Grace and her father were even awarded a medal of bravery from Queen Victoria herself.

Read more about Grace’s life and women like her in Guiding Lights: The Extraordinary Lives of Lighthouse Women 

Guiding Lights final spreads

IDA LEWIS:

‘THE BRAVEST WOMAN IN AMERICA’
(1842 – 1911)

“In the same year that Grace Darling departed this world, another lighthouse heroine entered it. Idawalley (Ida) Zoradia Lewis was born in February 1842 in Newport, Rhode Island. When she was eleven her father Hosea, a former sea captain, became the first keeper of Lime Rock, a tiny, barren island located almost a mile off the coast.

Just four months after their move to Lime Rock, Hosea suffered a severe stroke, leaving him partially paralyzed and no longer able to perform his lighthouse duties. The role instead fell to Ida and her mother, Zoradia.

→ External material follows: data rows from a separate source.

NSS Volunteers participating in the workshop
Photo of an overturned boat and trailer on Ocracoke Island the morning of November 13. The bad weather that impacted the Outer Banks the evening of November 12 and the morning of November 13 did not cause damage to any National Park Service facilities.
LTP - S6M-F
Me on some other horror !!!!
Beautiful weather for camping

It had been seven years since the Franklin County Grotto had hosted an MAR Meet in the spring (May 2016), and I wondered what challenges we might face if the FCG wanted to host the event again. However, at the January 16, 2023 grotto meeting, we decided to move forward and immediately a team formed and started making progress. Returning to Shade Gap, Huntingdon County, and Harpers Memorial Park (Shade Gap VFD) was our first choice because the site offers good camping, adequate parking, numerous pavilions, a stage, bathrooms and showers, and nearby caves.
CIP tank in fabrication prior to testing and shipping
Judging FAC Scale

They had to fill the lamp with oil (initially whale oil, then lard oil) at dusk and again at midnight, trim the wick, polish the reflectors of the sixth-order Fresnel lens (the smallest lens at the time) and extinguish the light at sunrise. They also had to keep up to date with copious paperwork, including daily weather and lighthouse reports.

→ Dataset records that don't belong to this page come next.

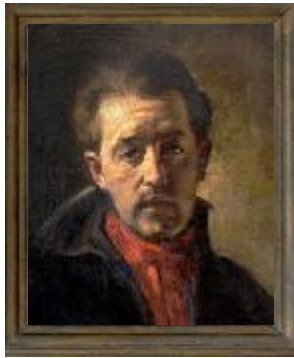
Self Portrait - 1935

Henricus van Meegeren was the most famous and successful art forger ever; so good, in fact, that if he hadn't confessed to his forgeries they would never have been discovered.
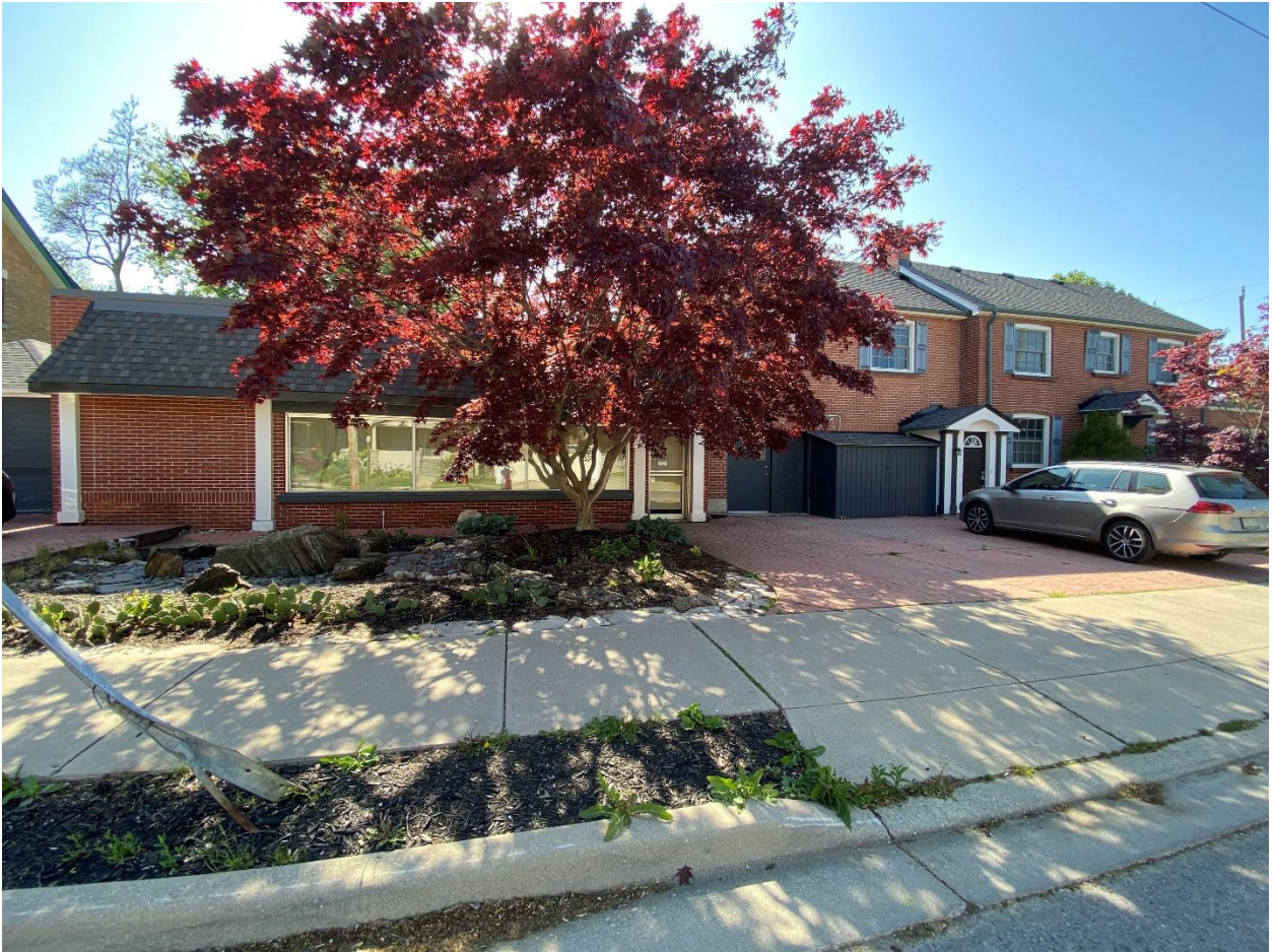
Image 3: Photograph looking west across Cathcart Street showing the full front façade of the existing house on the subject property including the one-storey commercial/storage portion to the south to be altered.
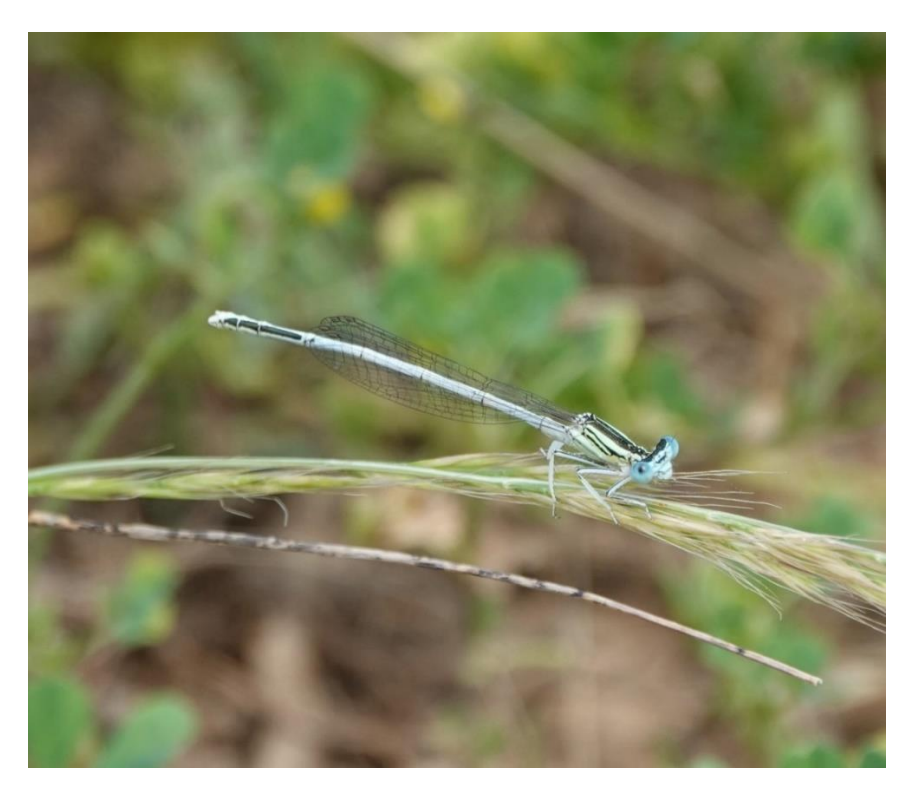
White Featherleg (Martin)

We saw two species of Featherlegs : Orange and White . Butterflies included Brown Argus and Long-tailed Blue .
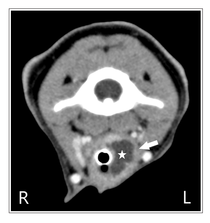
Figure 4 Post-contrast transverse CT image displayed on a soft tissue window width/window level at the level of the first cervical vertebra. A thin-walled, centrally fluid-attenuating structure (marked with a white star) is seen within the left aspect of the larynx. The structure has a thin, contrast-enhancing peripheral rim (white arrow) and occupies more than 50% of the laryngeal lumen

sterile cotton bud. The oral cavity and laryngeal region then appeared normal. The cat was given 0.2 mg/kg butorphanol (Torbugesic; Zoetis) and 0.15 mg/kg dexamethasone sodium phosphate (Dexamethasone Sodium Phosphate Injection; Vedco) IV to aid recovery and extubated without issue. The patient recovered uneventfully and was discharged the following day. The fluid was submitted for cytological examination, which revealed basophilic mucinous material (consistent with inspissated saliva), mild granulomatous inflammation with evidence of chronic hemorrhage and mild squamous epithelial atypia, which was suspected to be associated with inflammation.
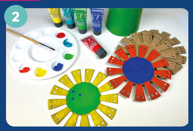
Start by painting your weaving cards using bright colours. Add more than one layer to build up colour. TIP: Remember to paint the back of your cards, as this will be seen too!
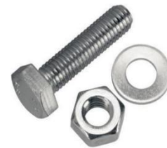
Figure 5. Nut & Bolt

The nut and bolt are important fastening components used in the fabrication of a hydraulic floor crane. They are used to join and secure different parts of the crane, such as the base frame, boom arm, support column, and other structural components. Proper tightening of nuts and bolts ensures the stability, safety, and durability of the hydraulic floor crane structure.

Ida had to take over other family responsibilities as well, including rowing her younger siblings to and from school across the channel every day.”

 

Ida Lewis on the cover of Harper’s Weekly, 1869.

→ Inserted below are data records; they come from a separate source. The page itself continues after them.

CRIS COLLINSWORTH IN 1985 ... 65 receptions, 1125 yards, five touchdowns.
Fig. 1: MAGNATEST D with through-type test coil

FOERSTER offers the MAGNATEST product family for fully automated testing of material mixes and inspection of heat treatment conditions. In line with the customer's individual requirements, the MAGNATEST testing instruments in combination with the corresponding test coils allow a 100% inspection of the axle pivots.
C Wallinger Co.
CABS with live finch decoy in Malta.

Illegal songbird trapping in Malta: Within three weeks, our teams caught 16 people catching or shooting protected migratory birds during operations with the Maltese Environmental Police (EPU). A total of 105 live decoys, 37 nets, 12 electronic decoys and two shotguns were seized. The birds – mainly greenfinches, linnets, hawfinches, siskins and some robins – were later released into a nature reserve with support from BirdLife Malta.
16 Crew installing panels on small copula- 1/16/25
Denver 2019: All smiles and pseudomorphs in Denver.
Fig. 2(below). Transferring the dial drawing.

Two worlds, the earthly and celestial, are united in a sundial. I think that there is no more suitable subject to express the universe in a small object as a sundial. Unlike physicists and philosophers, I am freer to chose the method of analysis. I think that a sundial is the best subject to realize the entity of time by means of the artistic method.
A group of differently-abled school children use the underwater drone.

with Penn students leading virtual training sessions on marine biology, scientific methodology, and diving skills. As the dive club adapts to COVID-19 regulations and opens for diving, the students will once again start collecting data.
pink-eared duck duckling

At the age of sixteen-years-old, Ida completed her first of many row boat rescues. From the few depicted in Guiding Lights, Ida saved ten men and one sheep with very little appreciation shown by any of them – at least until the media caught wind of her heroic feats in 1869. From there Ida became a celebrated household name, ‘America’s Grace Darling’ – but there was some uneasy debate about whether it was ‘unfeminine’ for her to row a boat.

 

“Ida retorted that there was nothing unfeminine about saving people’s lives.”

 

Ida spent 54 years at Lime Rock and was the most famous lightkeeper of her time, due to both her gender and her many daring rescues. She had no children; instead, she said, ‘the light is my child’.14 She is believed to have saved the lives of dozens of people, but the official count is eighteen because many earlier rescues were not recorded at the time. Ida was a matter-of-fact person who believed it was all part of the job, and she never wrote down personal accounts of her daring feats. Indirectly, she saved countless lives — not only the people she fished out of the water, but those she protected by keeping the light burning night after night, year after year.